Sharing our success story with incident management performance optimization. Our Incident module had accumulated 280K records over 8 years, causing dashboard queries to timeout and report generation to take 5+ minutes.
We implemented an automated archiving solution using SQL Server Agent that moves closed incidents older than 3 years to archive tables. The results were dramatic - incident dashboard load time dropped from 8.2 seconds to 2.2 seconds, and our monthly compliance reports now generate in under 60 seconds.
Key challenge was maintaining data accessibility for audits while improving active query performance. We designed the archive structure to mirror production tables and updated all reports/views to union active and archived data when needed. Happy to share implementation details.
Great approach. What was your archiving criteria? Just closed status and 3 year age, or did you include other factors like severity or investigation outcome? Also curious about your archive table structure - did you maintain all the same indexes or optimize differently?
Here’s the complete implementation summary:
Scheduled SQL Archiving Job:
SQL Server Agent job runs monthly (first Sunday, 2am). Archives incidents closed >3 years with status=‘Closed’ and investigation_complete=‘Y’. Job takes 15-20 minutes for ~3K records.
Archive Table Design:
Created mirror tables: Incident_Archive, IncidentWorkflow_Archive, IncidentAttachment_Archive. Key differences from active tables:
- Clustered index on archive_date instead of incident_id
- Non-clustered indexes only on: incident_number, closed_date, severity
- Removed indexes on assignee, department (rarely queried in archive)
Report and View Updates:
Created unified views for audit compliance:
CREATE VIEW vw_Incident_Complete AS
SELECT * FROM Incident WHERE archive_flag = 0
UNION ALL
SELECT * FROM Incident_Archive
Dashboards query active table only (archive_flag=0). Compliance reports use complete views. Updated 12 reports and 5 dashboards - all backward compatible.
Query Performance Benchmarking:
Measured 5 critical queries before/after:
- Dashboard load: 8.2s → 2.2s (73% reduction)
- Monthly report: 312s → 58s (81% reduction)
- Incident search by number: 1.8s → 0.4s (78% reduction)
- Trend analysis (1 year): 45s → 11s (76% reduction)
- CAPA linkage query: 6.5s → 1.9s (71% reduction)
Used SQL Server Profiler to capture actual execution times over 2-week period.
Edge Case Handling:
Archive job sets archive_flag=1 on active table before moving data. If reopening needed (happened twice in 6 months), we have a stored procedure that moves record back to active tables and clears archive_flag. Takes <5 seconds, maintains full audit trail.
Additional Optimizations:
- Archive tables in separate ARCHIVE filegroup on different disk subsystem
- Partitioned archive by year (2017, 2018, 2019, 2020, 2021)
- Backup strategy: Full backup active tables daily, archive tables weekly
- Retention policy: Archive data kept 10 years, then purged per regulatory requirements
Total database size reduced from 180GB to 95GB after initial archive. Query plan cache more efficient with smaller active dataset. Maintenance windows shortened by 40% since index rebuilds only touch active data.
The combination of proper archive table design, selective indexing, and view-based reporting gave us the performance boost while maintaining complete audit compliance. Would recommend this approach for any module exceeding 100K records.
This is exactly what we need!
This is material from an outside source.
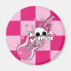 Cute skull and crossbones with bow and girly pink guitar surrounded by hearts and stars.
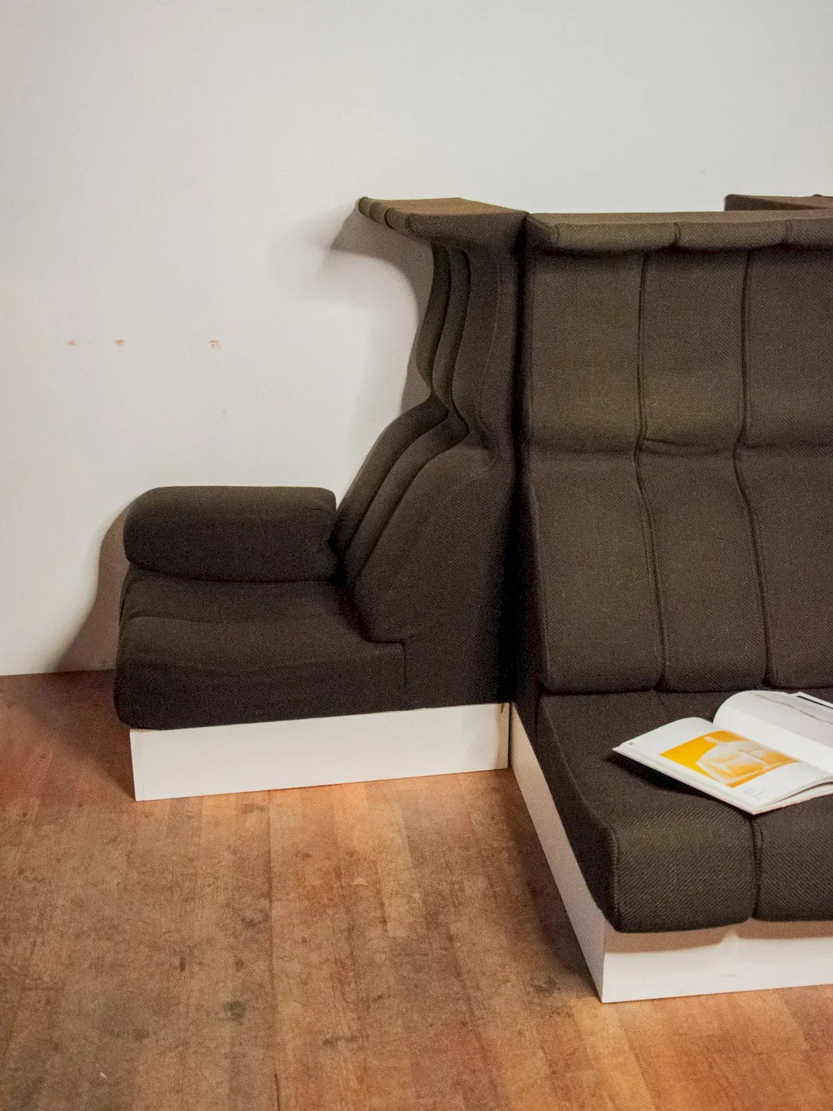 Embrace this 70s sofa composed of three independent modules, easily customizable to fit the proportions of your living room and create cozy configurations. Its wavy seating and dark brown wool fabric give it a warm look that invites relaxation. While its movable armrest increases its use cases, the top serves as a shelf and the refurbished white melamine boxes provide a contemporary and structured contrast. A small snag on the fabric of one module and minor wear visible in the photos. Total length: 200 cm Length of one module: 66 cm Width: 81 cm Total height: 119 cm Seat height: 36 cm Seat depth: 52.5 cm Width of the upper shelf: 24.5 cm Condition: Used: Item has been used. Item shows some superficial wear marks... Used: Item has been used. Item shows some superficial wear marks, fully operational and functioning properly. It could be a demonstration model or a returned item after a short period of use. Possible imperfections. Color: Multicolor Height: Wool, Wood Width: Sofas and benches Brand: Debongout Type: Vintage product Material: Wool, Wood Style: Contemporary

Our incident queries are painfully slow. How did you handle the audit trail integrity? Auditors need to see the complete history including archived records. Did you modify the standard Trackwise audit views?
For audit compliance, we created unified views that union active and archive tables. The audit trail remains intact - we archive the full incident record plus all related workflow history, attachments, and CAPA links. Auditors use the same reports, they just query the views instead of base tables. No modification to standard audit views needed.
How often does your SQL Agent job run? Daily, weekly? And what happens if someone needs to reopen an archived incident - do you have a restore process? We’re concerned about edge cases where closed incidents might need investigation updates after archiving.
Did you update the dashboard queries to exclude archived data by default, or do users see everything? I’m thinking about performance vs completeness tradeoff. Also, how did you benchmark the 73% improvement - what specific queries did you measure?
Nice work on this. One consideration - make sure your archive tables are in a separate filegroup for easier backup/restore management. Also recommend partitioning the archive table by year if you expect continued growth. This keeps the archive queries performant as the archive grows over time.